There is no more denying that these two elements are closely linked and intertwined with one another on multiple levels of your life and existence. You need to be able to tap into it effectively to get lasting success and results. Again, it is not like a formula or recipe, you will uncover pieces of it as you go along and one plan will not necessarily work as is for someone else or everybody. It is up to you, to an extent to come up with the solution yourself over time, as you learn more about your body and what it needs to be in that optimal functioning state. It touches each and every aspect of our lives in some way – each of us differently. Both the beauty and appeal of this model and thinking of it to every individual makes it extra attractive and widely supported. It is and offers something completely different for everyone and anyone. It give us shared bonds, commonalities, yet recognizes and celebrates our variety, variation, diversity and differences. We can learn, share and benefit from also learning from one another.

It does not matter what our age, culture, dimensions, weight, conditioning, physique, BODY TYPOLOGY might be, you are still HUMAN! We are more than our genes and genetics.

We need to learn to recognize and celebrate these facts and strengths we have and not merely overlook them.

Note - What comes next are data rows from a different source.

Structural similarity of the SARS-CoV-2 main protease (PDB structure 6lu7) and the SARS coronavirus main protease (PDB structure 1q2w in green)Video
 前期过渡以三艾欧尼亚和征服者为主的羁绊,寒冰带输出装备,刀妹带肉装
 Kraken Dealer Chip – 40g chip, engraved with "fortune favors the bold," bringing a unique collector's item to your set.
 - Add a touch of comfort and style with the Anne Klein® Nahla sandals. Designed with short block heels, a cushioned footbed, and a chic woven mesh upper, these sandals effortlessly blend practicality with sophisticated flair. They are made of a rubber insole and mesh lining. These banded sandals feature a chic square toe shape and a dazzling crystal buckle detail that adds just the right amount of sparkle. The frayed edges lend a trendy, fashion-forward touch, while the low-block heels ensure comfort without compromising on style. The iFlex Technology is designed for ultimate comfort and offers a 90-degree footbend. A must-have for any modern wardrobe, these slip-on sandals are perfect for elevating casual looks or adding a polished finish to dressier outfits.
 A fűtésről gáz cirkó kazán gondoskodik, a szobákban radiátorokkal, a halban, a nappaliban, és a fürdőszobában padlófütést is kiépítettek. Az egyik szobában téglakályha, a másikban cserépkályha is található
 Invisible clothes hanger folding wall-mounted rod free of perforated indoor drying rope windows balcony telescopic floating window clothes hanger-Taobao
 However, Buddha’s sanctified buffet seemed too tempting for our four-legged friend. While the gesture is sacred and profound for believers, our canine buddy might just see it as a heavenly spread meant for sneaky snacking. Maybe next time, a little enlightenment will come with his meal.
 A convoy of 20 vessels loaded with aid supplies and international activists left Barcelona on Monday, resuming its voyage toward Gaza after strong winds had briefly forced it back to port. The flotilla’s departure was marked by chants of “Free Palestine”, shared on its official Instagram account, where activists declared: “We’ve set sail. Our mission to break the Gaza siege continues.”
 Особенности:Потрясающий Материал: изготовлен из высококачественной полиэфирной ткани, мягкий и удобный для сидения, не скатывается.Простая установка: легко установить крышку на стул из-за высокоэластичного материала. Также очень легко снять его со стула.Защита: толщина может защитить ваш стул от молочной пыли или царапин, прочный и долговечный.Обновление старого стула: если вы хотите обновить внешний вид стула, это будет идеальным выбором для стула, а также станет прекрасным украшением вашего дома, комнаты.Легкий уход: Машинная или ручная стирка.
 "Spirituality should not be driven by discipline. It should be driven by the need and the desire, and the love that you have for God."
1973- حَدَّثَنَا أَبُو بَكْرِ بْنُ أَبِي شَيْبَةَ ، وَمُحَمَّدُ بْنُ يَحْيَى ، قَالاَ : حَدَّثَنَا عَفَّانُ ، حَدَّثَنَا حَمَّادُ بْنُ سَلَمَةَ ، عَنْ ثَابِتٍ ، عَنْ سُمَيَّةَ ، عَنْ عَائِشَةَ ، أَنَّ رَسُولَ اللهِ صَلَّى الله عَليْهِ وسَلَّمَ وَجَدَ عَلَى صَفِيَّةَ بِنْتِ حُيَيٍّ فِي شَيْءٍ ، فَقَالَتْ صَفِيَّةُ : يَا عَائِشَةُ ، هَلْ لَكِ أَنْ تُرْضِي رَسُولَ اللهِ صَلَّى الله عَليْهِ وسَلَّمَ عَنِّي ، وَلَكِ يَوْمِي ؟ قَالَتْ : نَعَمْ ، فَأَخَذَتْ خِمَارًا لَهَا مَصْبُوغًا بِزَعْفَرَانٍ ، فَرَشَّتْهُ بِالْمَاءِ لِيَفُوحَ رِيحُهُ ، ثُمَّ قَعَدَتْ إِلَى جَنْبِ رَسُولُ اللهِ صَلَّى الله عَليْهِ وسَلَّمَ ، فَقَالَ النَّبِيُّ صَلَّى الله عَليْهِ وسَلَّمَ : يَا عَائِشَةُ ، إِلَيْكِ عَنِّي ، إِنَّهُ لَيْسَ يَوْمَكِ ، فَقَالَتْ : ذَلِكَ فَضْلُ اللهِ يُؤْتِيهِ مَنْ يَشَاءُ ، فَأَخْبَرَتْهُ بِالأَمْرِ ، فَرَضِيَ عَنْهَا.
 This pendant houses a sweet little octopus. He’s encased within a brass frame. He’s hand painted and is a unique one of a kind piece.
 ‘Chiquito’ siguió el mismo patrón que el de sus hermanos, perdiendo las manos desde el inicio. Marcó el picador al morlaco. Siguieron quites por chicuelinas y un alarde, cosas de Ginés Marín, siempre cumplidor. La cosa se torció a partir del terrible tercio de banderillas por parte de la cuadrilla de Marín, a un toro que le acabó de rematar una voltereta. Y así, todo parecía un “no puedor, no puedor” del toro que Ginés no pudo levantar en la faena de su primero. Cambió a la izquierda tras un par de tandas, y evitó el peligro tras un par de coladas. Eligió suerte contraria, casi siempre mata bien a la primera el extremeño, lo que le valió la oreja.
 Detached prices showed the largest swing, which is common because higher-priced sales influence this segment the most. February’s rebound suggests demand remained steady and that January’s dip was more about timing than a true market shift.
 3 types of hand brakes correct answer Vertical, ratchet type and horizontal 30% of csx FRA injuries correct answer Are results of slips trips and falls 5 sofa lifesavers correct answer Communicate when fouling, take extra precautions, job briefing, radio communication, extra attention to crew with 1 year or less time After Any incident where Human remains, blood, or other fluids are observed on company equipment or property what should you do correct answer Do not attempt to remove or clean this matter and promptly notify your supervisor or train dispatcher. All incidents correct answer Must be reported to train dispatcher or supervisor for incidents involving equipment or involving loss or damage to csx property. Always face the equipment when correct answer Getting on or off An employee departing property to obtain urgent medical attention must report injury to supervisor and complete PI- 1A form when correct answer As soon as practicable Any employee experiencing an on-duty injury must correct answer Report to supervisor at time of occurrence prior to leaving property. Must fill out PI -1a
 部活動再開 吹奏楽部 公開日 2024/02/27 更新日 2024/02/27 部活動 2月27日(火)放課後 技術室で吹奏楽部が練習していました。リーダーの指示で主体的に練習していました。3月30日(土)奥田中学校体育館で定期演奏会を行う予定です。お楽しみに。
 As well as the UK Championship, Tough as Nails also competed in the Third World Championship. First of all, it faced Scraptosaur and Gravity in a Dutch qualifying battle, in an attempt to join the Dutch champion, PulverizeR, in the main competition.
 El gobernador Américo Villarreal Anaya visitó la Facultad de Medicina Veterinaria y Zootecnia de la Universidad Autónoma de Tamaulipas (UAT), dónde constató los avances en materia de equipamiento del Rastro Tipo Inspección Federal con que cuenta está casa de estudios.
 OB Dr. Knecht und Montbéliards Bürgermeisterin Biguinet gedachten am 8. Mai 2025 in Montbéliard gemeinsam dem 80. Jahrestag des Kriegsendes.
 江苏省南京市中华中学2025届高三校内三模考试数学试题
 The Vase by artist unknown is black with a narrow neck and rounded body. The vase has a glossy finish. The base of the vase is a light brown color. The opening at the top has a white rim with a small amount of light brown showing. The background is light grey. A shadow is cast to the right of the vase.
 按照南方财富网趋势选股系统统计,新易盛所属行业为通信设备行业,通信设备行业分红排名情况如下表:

Our own self-awareness and knowledge needs to be cultivated and grown also in the area of fitness, health and exercise and body type. We need to make our exercise, activities, sports and hobbies work its magic for each of us in its own unique way. We need to be as broad or specific as we need to be in order to get things done, now and in the future, for each of us.

The ‘typing’ or coding, sorting systems we use might be old or innovatively new, broad, general, or specific and inclusive, we just need to figure it out for ourselves, one by one and keep adding to the body of knowledge that helps us understand ourselves, our bodies and exercise, optimal living a little better – enjoying of its bounty and not get lost in the mechanics of it all.


This site is for information and support only and NOT a substitute for professional diagnosis and treatment!